Torno in teatro dopo molto tempo, nonostante i dolori che freddo forte di questi giorni incrementa, per vedere finalmente, qui a Roma, recitare Cinzia Greco, con la quale con Riccardo abbiamo spesso scattato, anche per progetti veri e propri.

Bravissima come modella, ero certa che ci sarebbe piaciuta in teatro, e volevamo che ci sapesse vicini in questa sua bella presenza romana.

Ecco che così, ieri, a Centrale Preneste Teatro, in mezzo a bimbi e bimbe fra i 4 e 6 anni, in mezzo a genitori vitalissimi e attenti, siamo entrati in una atmosfera straniata e straniante, seduti in terza fila e laterali, con l’idea di catturare con le Canon qualche scatto bello da donare a Cinzia.

Ma è successo, è successo che, come avviene nelle favole, come avveene nel teatro, la scena ci ha rapiti, avvolti nella musica, prigionati del tempo della rappresentazione, fino a far volare e trasformare lo spazio, fini a farci vivere le piume d’anatroccolo come pelle anche nostra, fino farmi sciogliere in lacrime e lacrime, che non ricordavo così tante, alla nascita del cigno.

Per ragioni biografiche la storia mi trafigge, non pensavo a questa vita fitta di abbandono, di perdita e di trasformazione da quando ero piccola, eppure mi è arrivata intera e dritta al cuore, quasi fosse un lama di ricordo di madre, a riviverla a teatro, grazie a Cinzia ed a Crest CoopTeatrale.

Lei bravissima, davvero un uccellino, che rotola da anatroccolo e cinguetta, un anatide bianco bianco e piumato piumato, con tanto di perdite, dolori, insicurezze, solitudine, minacce scampate, ed infine con la scoperta di sé e della propria bellezza, a cui Cinzia regala grazia, intensità, agilità e tenerezza splendenti.

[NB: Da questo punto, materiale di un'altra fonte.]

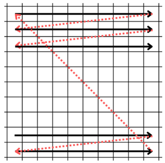 Raster scan pattern. The movement occurs from left to right and from top to bottom. The horizontal and vertical retraces are shown in red.

Bravi tutti, bello il teatro, la compagnia intera, bravissima l’insegnate che ha introdotto per i bambini lo spettacolo e guidato l’ascolto.

Era come trovarsi, con dietro il covid, qualche mascherina, e la paura delle guerre, in una specie di culla protetta, magica, abbagliante.

Non so se ho pianto più per questo, per questa strana resistenza al tempo nostro che ci dà l’arte, il teatro, l’ascolto delle storie, o per quel piccolo anatroccolo, che dice di sé: sono brutto. Aver visto fiorire le piume su bianche e grandi ali è stato catartico, avvolgente, emozionante e quasi insostenibile.

Le lacrime ci salvano dalle emozioni perché ne fanno dono fuori, così alla fine sulle mie lacrime a dirotto con Riccardo abbiamo riso. Abbiamo riso felici, di essere lì, di aver visto in Cinzia una eccellente attrice, di aver condiviso coi bimbi non nostri la gioia e la commozione di tutti.

Grazie quindi a Cinzia, e ai suoi colleghi in scena e fuori, grazie a Centrale Preneste, grazie al teatro per esistere e resistere.

Se tornano a Roma, non perdeteli, non toglietevi questa magia, questa emozione, questo dono.